- Directions -
If a line below falls between the line with "70~80's Blue Stitch" and the line with "Папка-вкладыш (файл) с", or is one of those two, output it exactly; output nothing else and no pictures.

- Records for the exercise -
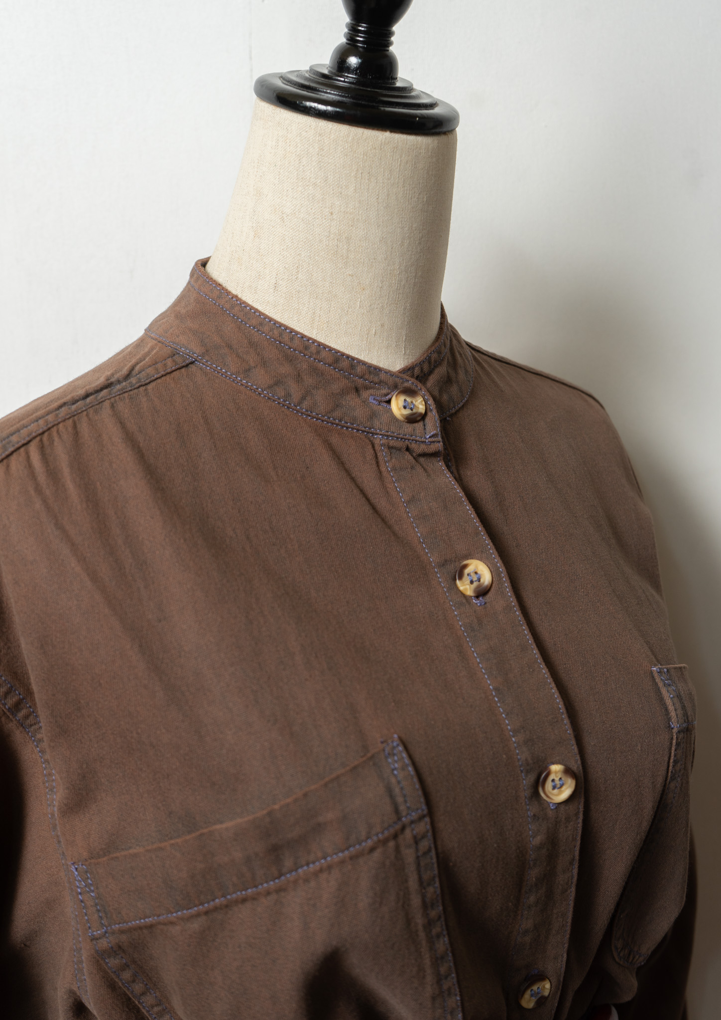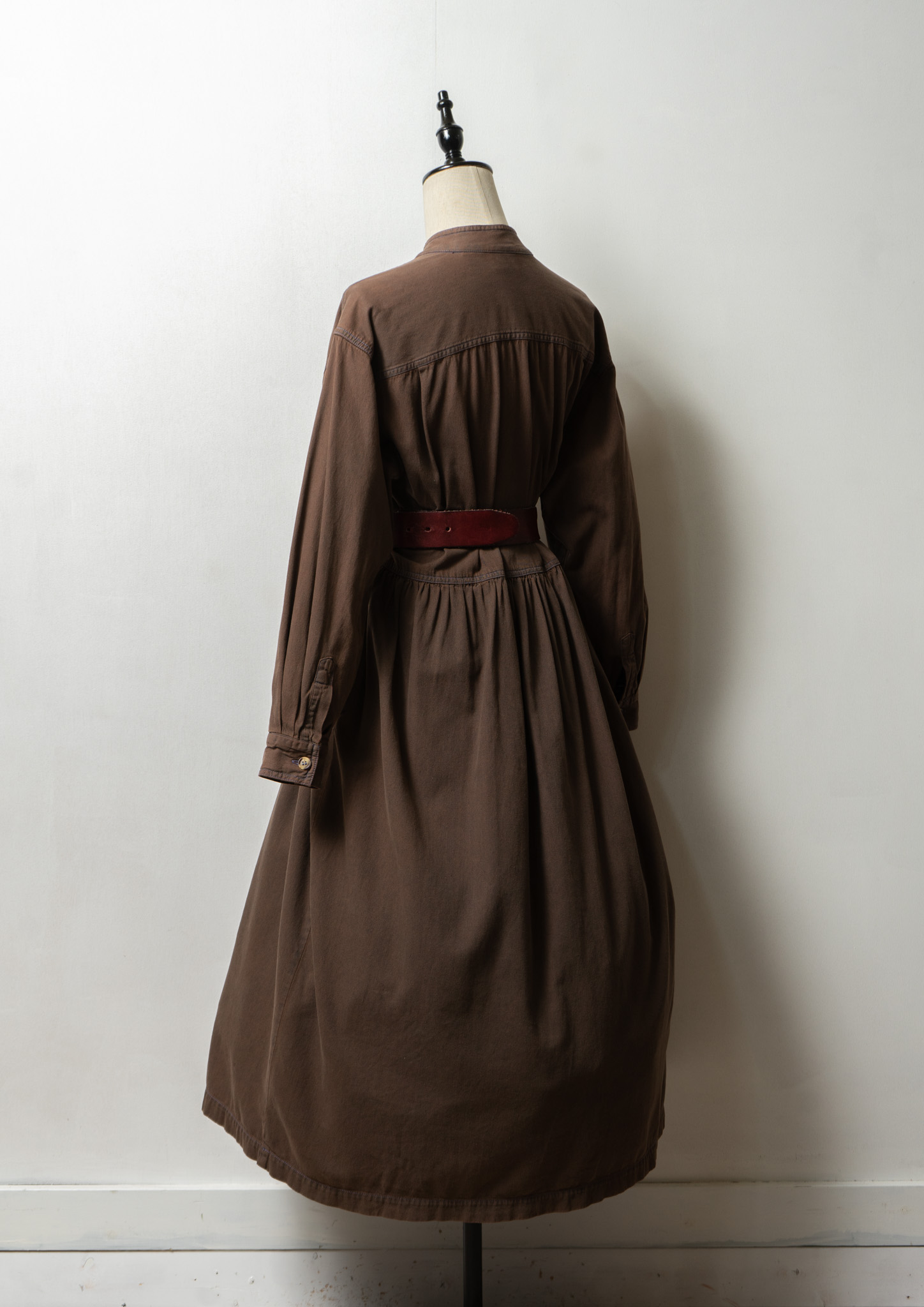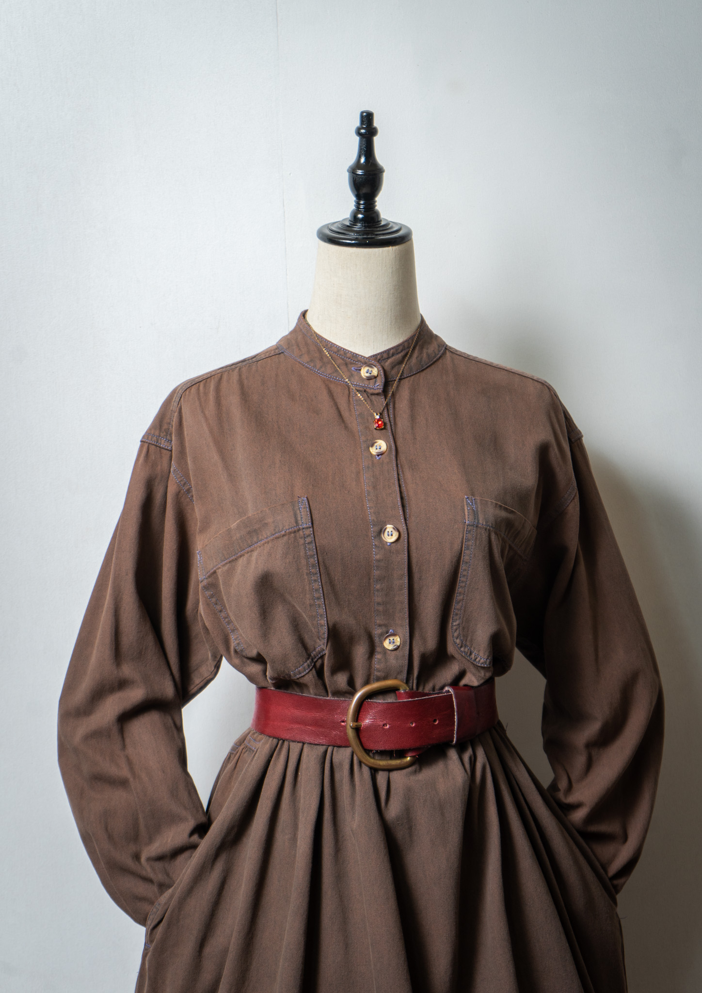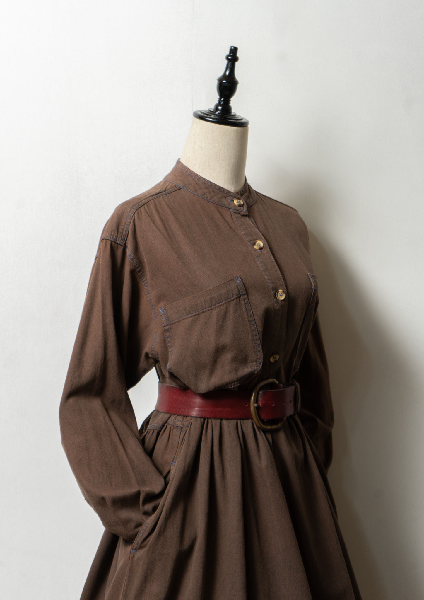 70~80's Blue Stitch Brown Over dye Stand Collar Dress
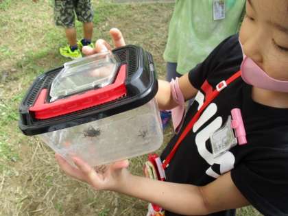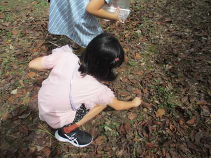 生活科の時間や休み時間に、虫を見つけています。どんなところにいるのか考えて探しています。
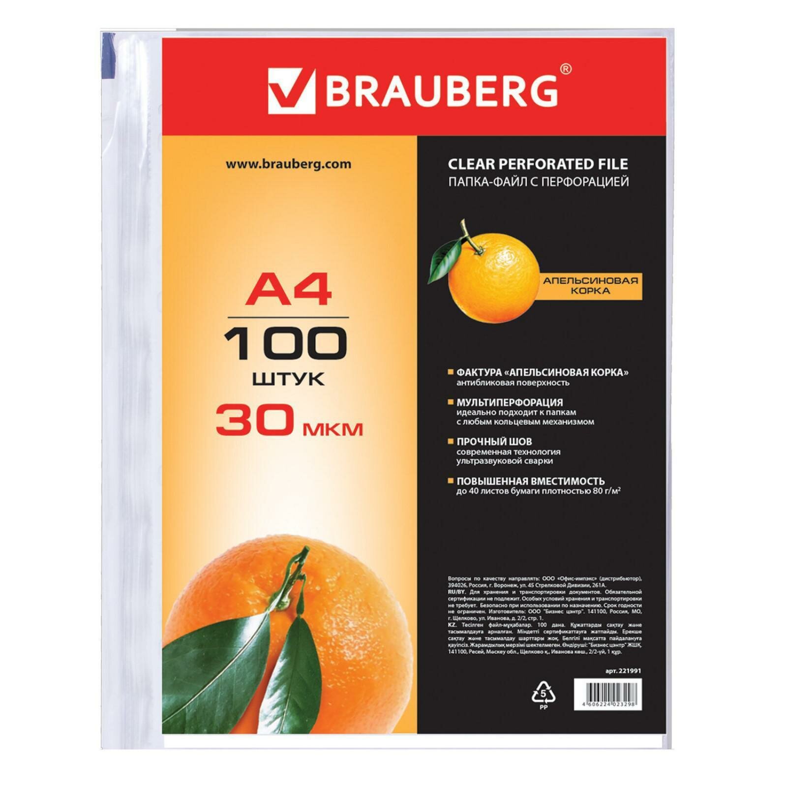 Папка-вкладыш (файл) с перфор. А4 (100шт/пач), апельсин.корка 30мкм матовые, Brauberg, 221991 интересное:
...
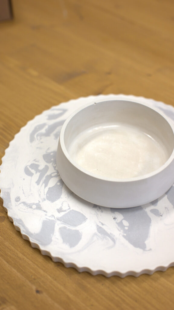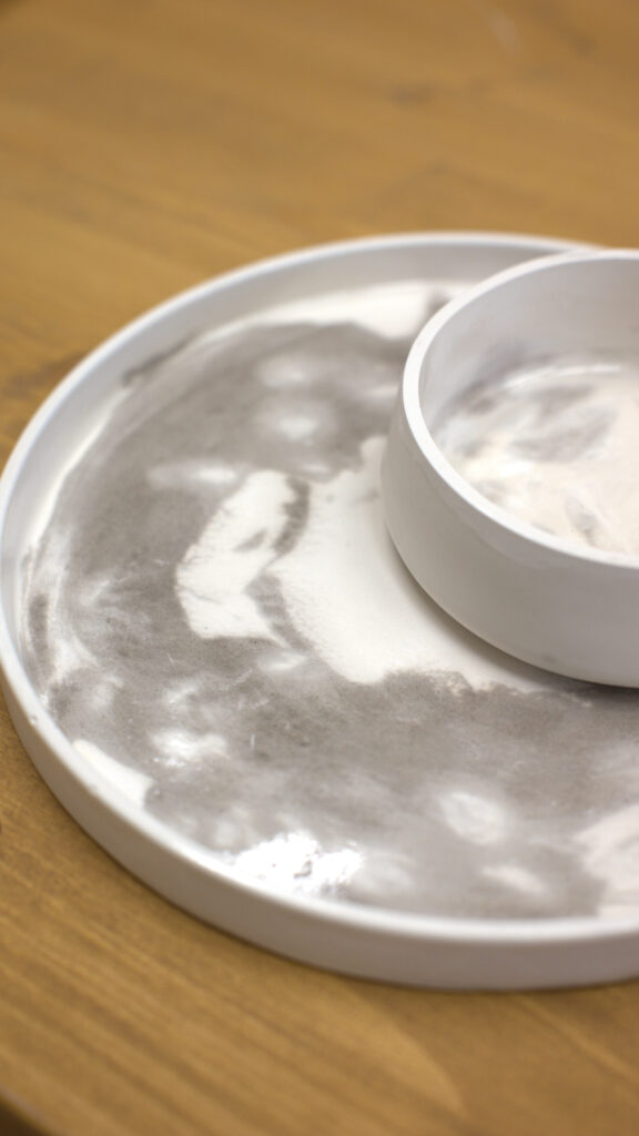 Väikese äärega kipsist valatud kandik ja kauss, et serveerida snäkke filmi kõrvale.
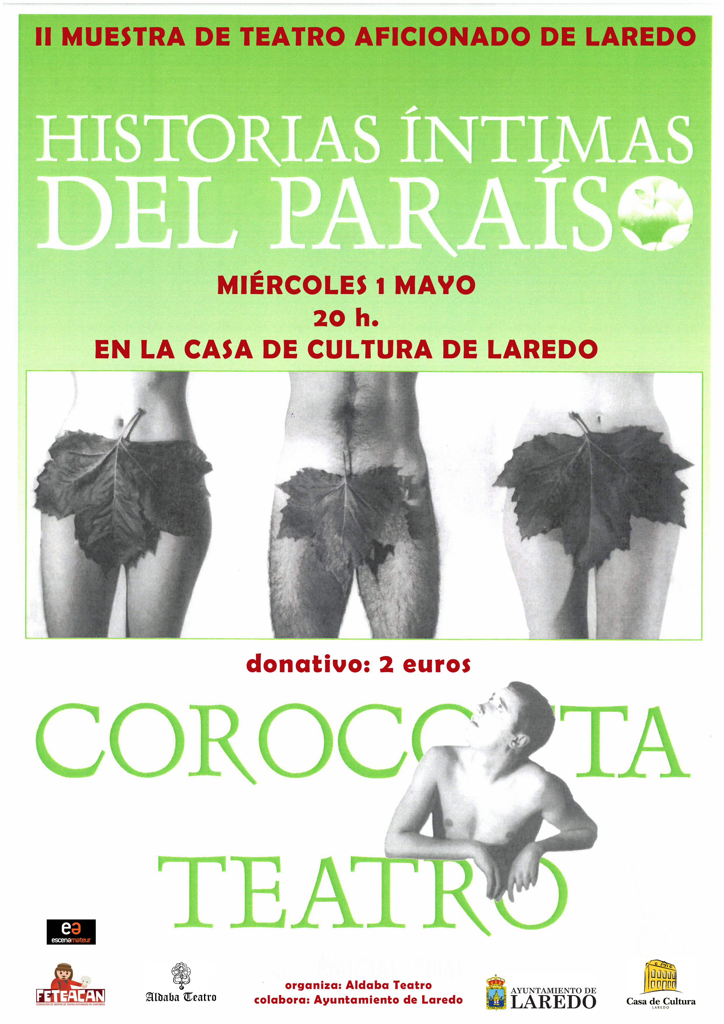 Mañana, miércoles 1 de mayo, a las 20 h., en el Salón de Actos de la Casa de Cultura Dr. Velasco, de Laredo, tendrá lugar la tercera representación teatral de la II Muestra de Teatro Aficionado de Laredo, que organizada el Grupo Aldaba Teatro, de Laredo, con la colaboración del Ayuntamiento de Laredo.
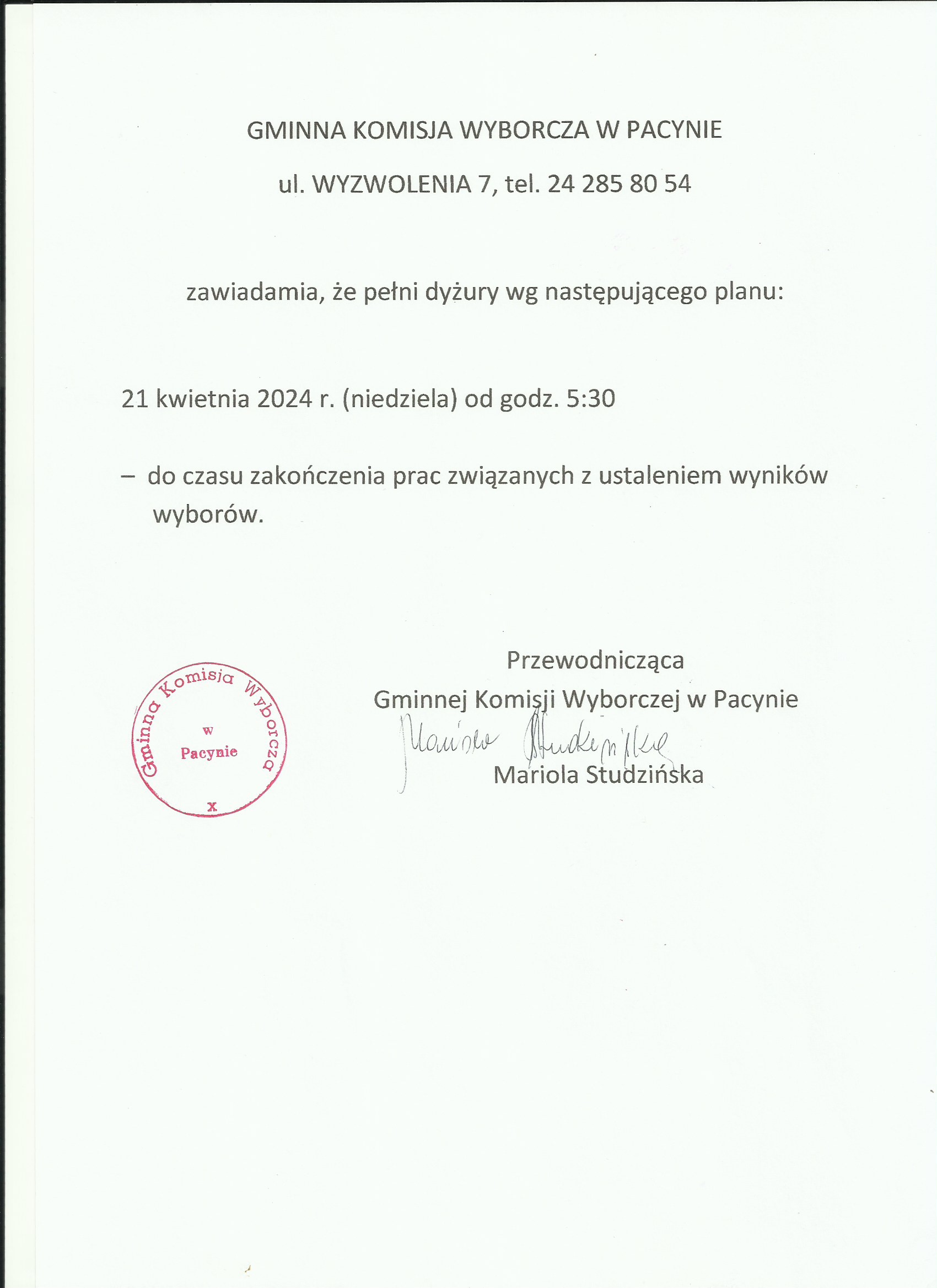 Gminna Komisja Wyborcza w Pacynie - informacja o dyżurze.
...
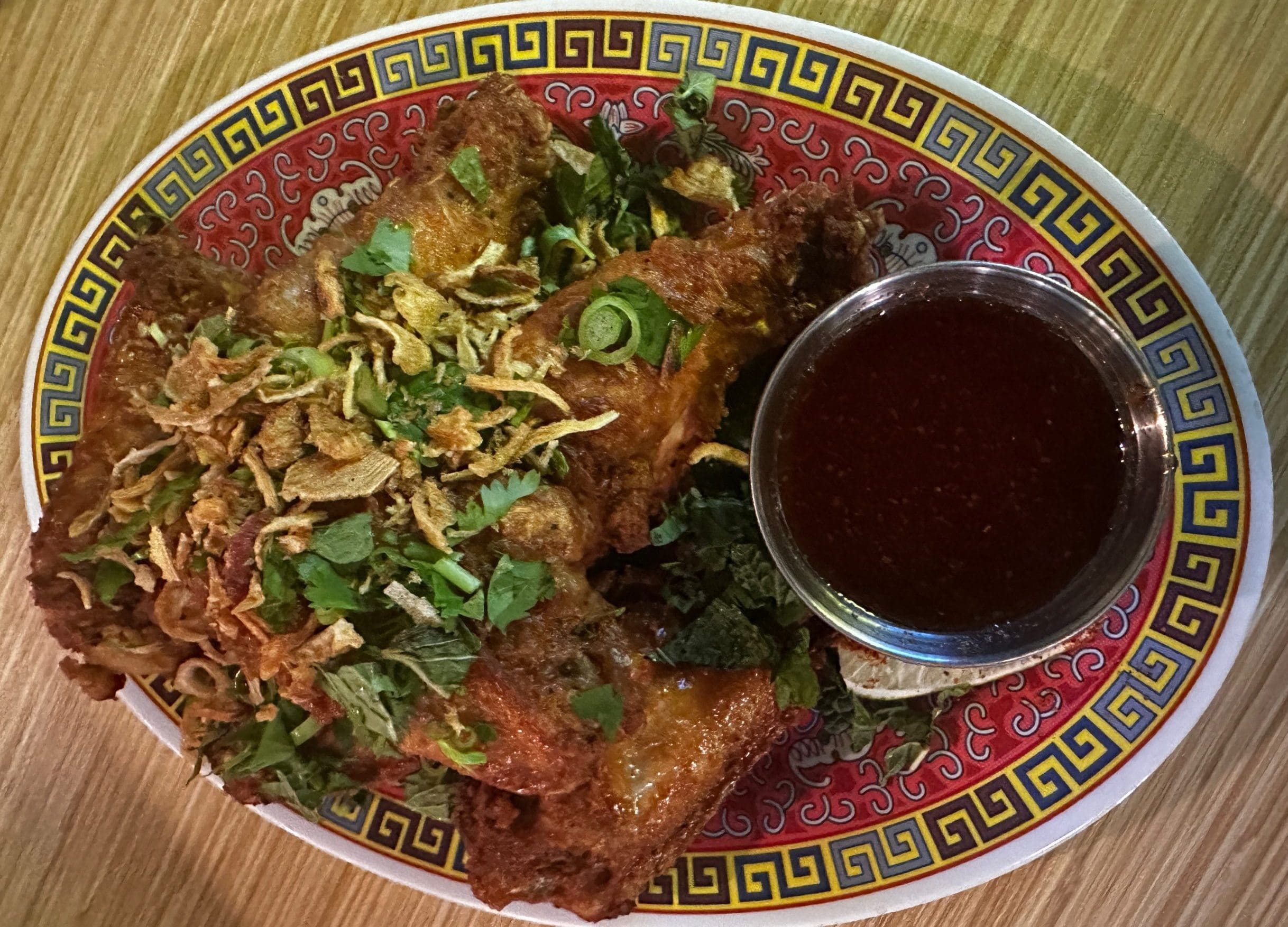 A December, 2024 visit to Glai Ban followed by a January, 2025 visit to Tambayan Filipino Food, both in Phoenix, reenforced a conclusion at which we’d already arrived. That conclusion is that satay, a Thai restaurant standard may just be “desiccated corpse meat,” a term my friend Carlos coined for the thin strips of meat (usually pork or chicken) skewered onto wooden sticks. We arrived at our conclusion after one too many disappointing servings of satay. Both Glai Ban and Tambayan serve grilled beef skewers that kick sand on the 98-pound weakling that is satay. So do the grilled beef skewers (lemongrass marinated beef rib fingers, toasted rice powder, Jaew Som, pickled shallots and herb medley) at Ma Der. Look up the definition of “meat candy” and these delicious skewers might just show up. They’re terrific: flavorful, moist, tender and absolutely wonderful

- Reply -
 70~80's Blue Stitch Brown Over dye Stand Collar Dress
 生活科の時間や休み時間に、虫を見つけています。どんなところにいるのか考えて探しています。
 Папка-вкладыш (файл) с перфор. А4 (100шт/пач), апельсин.корка 30мкм матовые, Brauberg, 221991 интересное:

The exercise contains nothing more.